WINDSOR, England (AP) _ Queen Elizabeth II’s decision to award Prince Edward the title of Earl of Wessex and Viscount Severn on his wedding day Saturday re-establishes a link with the Anglo-Saxon monarchy of King Harold II.

King Harold, Earl Harold Godwinson of Wessex, was killed at the Battle of Hastings in 1066 by the Norman army of William the Conqueror.

The earldom had been conferred on Harold II’s father, Godwin of Wessex, in the 10th century by the Scandinavian King Canute.

Edward, the queen’s youngest son, is the first person to hold the Earldom of Wessex for many centuries.

His bride, Sophie Rhys-Jones, becomes Her Royal Highness the Countess of Wessex.
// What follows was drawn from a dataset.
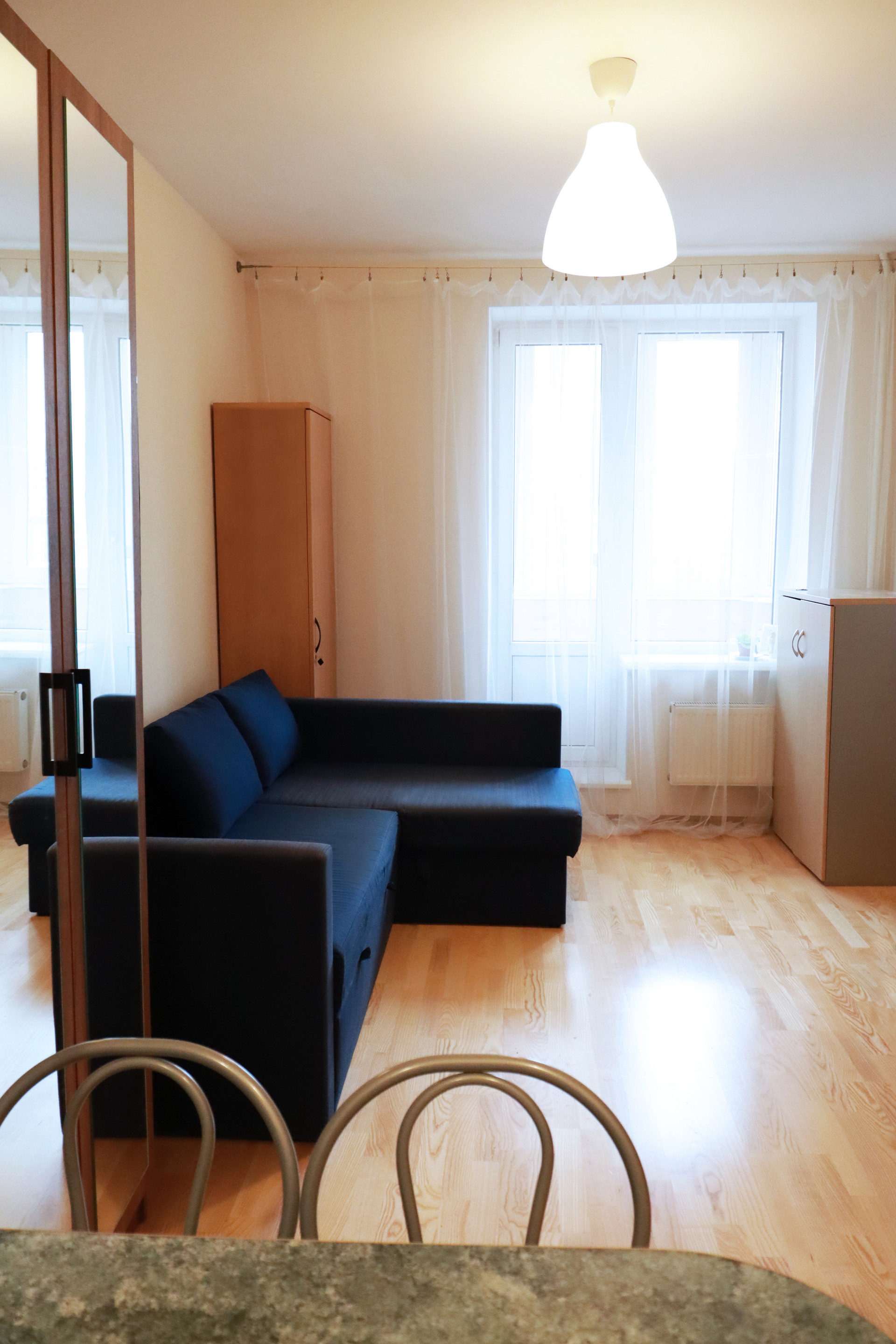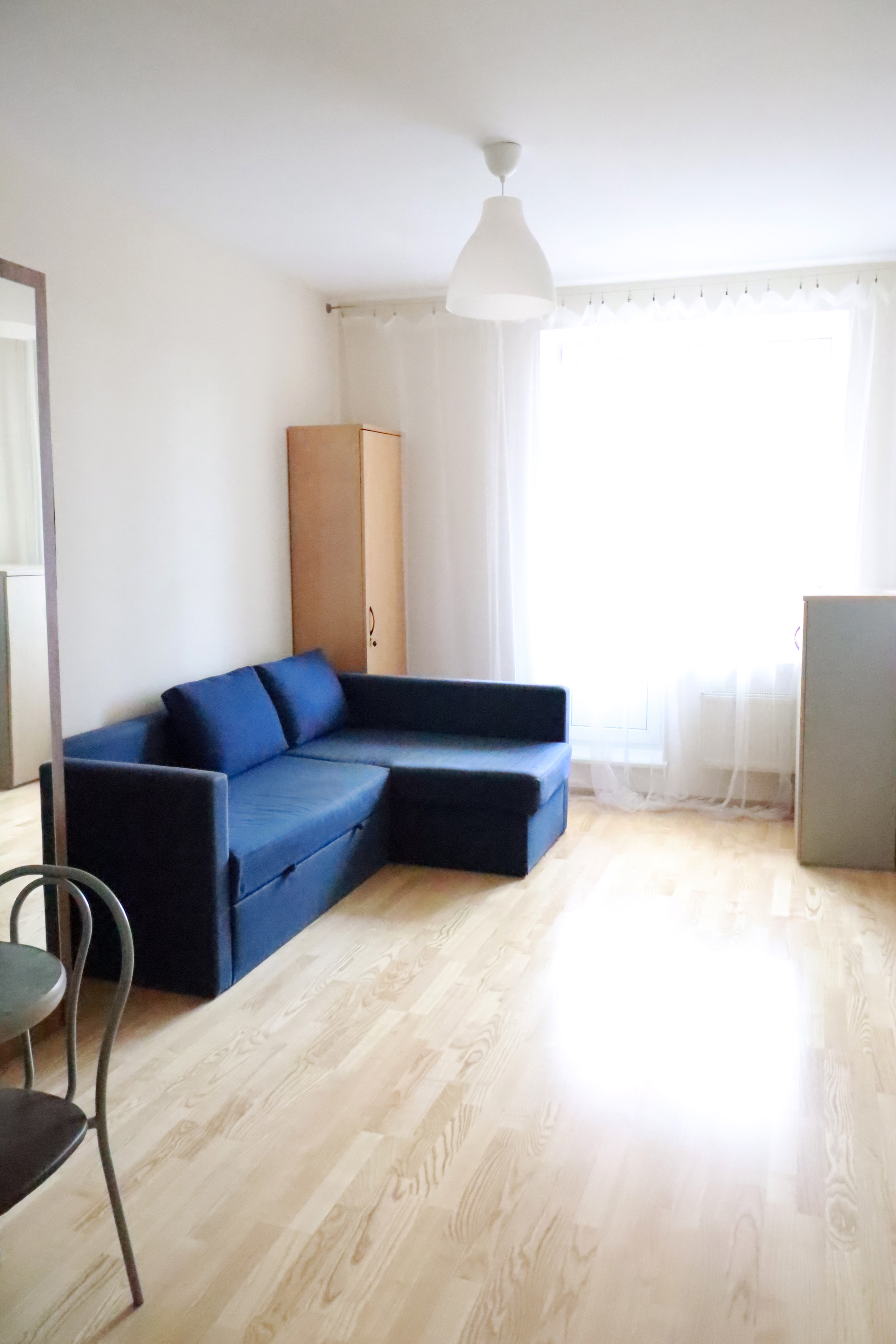 Студия меблирована и укомплектована бытовой техникой. Подходит, как для постоянного проживания, так и для сдачи в аренду.

Miss Rhys-Jones, a public relations executive, will use the name Sophie Wessex in her professional life, Buckingham Palace said.

With the couple’s agreement, the queen decided that any children they have would not be given titles of His or Her Royal Highness, but instead would have courtesy titles as sons or daughters of an earl, the palace said.

The palace also said Edward would be given the Dukedom of Edinburgh after the deaths of the queen and the present Duke of Edinburgh, her husband and Edward’s father, Prince Philip.

Many had predicted the queen would award Edward a dukedom on his wedding day.

The title of earl usually is given to a commoner marrying into the royal family. The Earl of Snowdon, for example, received his title when he wed Princess Margaret, the queen’s sister.

Harold Brooks-Baker, publishing director of Burke’s Peerage, said the decision to make Edward an earl rather than a duke indicated he would play a minor role in public life.